-- Action item --
Below are records; extract exactly the lines from the one with "- DETAILS: Features" through the final line, including both, but drop the pictures.

START Entries provided

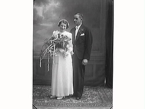 Brudparet Björk från Rosenfred, Varberg. Bröllopsbild. (Se även bildnr MR2_301)
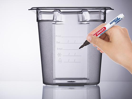 Con el grabado superficial en pieza y usando el rotulador Araven Horeca Marker para escribir sobre esta parte de la cubeta, podemos identificar el contenido preservando la información asociada a su origen o su manipulación (fechas de elaboración, caducidad o procedencia).
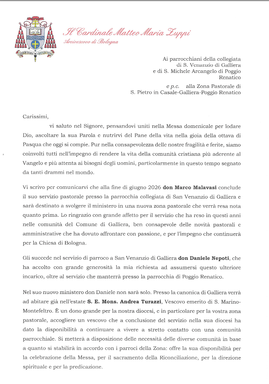 Galliera, Poggio Renatico, Zona Pastorale 12 Aprile 2026 Rivolta in particolare alla Parrocchia Collegiata di San Venanzio di Galliera e alla Parrocchia di Poggio Renatico Lettera del Cardinale Arcivescovo – Aprile 2026 Lettera Galliera - Poggio Renatico
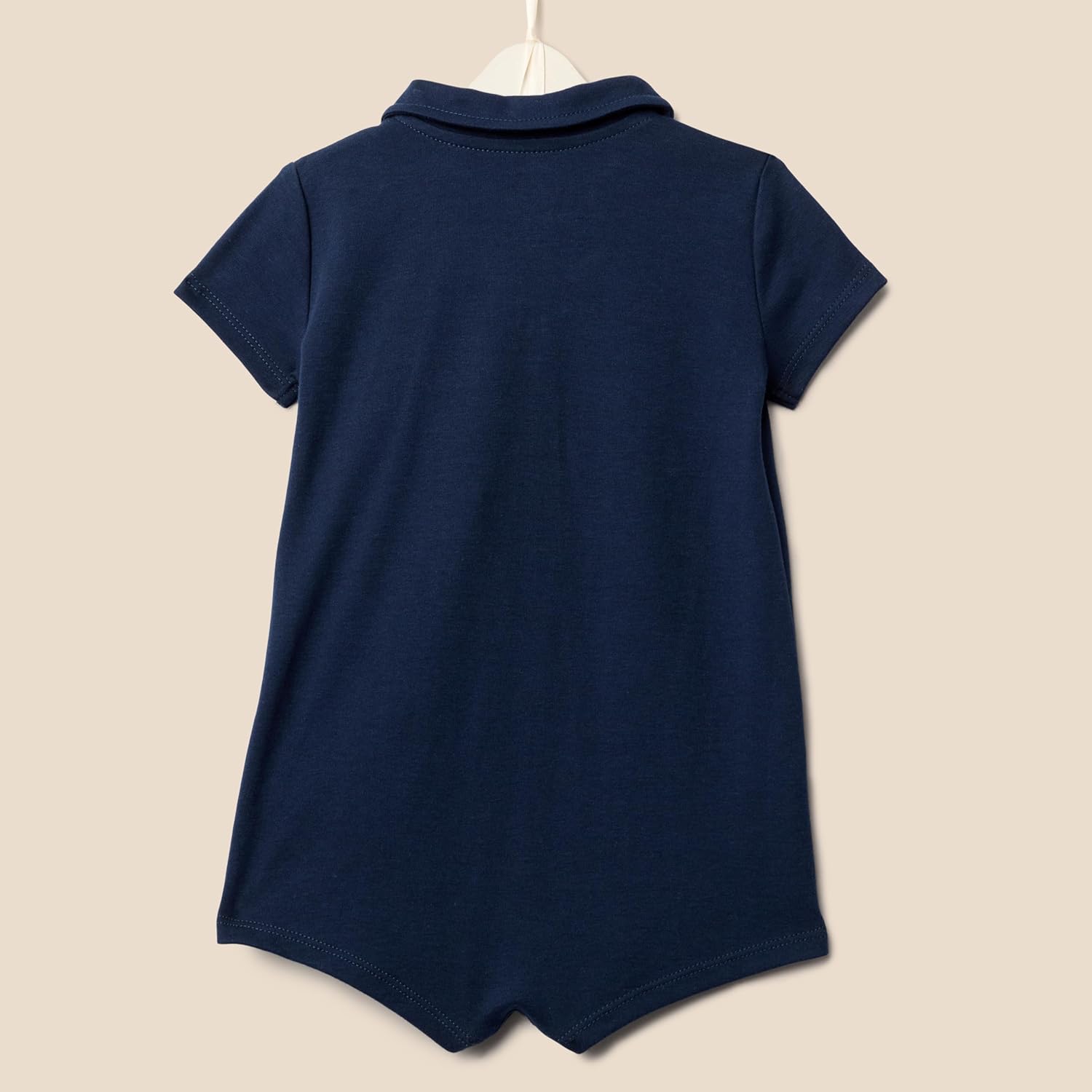 - DETAILS: Features a polo collar with a snap front placket and gusseted snap closure at leg opening
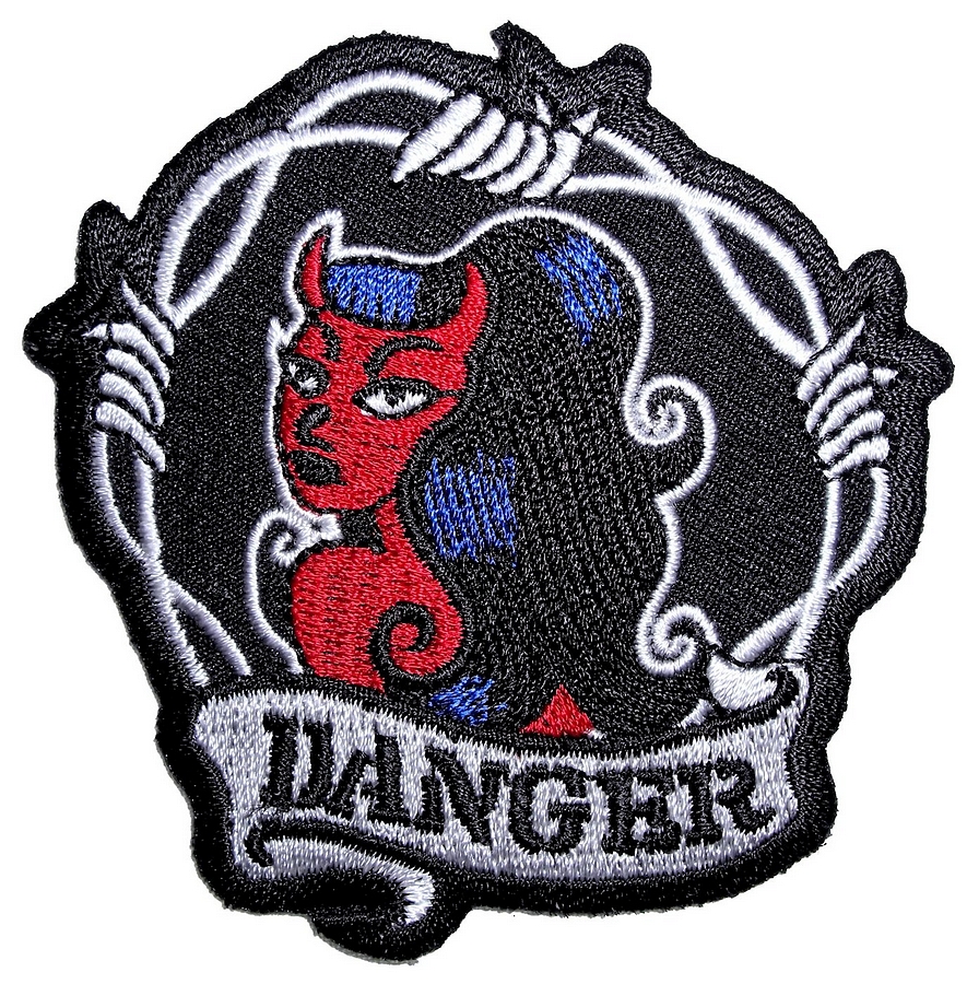 This sexy looking lady biker patch is top quality made. Features a sexy red devil girl with blue hair, barbed wire and DANGER at bottom. Can be sewn or ironed on. Great for leather or textile jackets, vest, hats, caps, whatever you can think of. Measures 3 inches wide by 3 inches high. A very sexy lady biker patch for a vest or jacket.

END Entries provided

-- Expected answer --
 - DETAILS: Features a polo collar with a snap front placket and gusseted snap closure at leg opening
 This sexy looking lady biker patch is top quality made. Features a sexy red devil girl with blue hair, barbed wire and DANGER at bottom. Can be sewn or ironed on. Great for leather or textile jackets, vest, hats, caps, whatever you can think of. Measures 3 inches wide by 3 inches high. A very sexy lady biker patch for a vest or jacket.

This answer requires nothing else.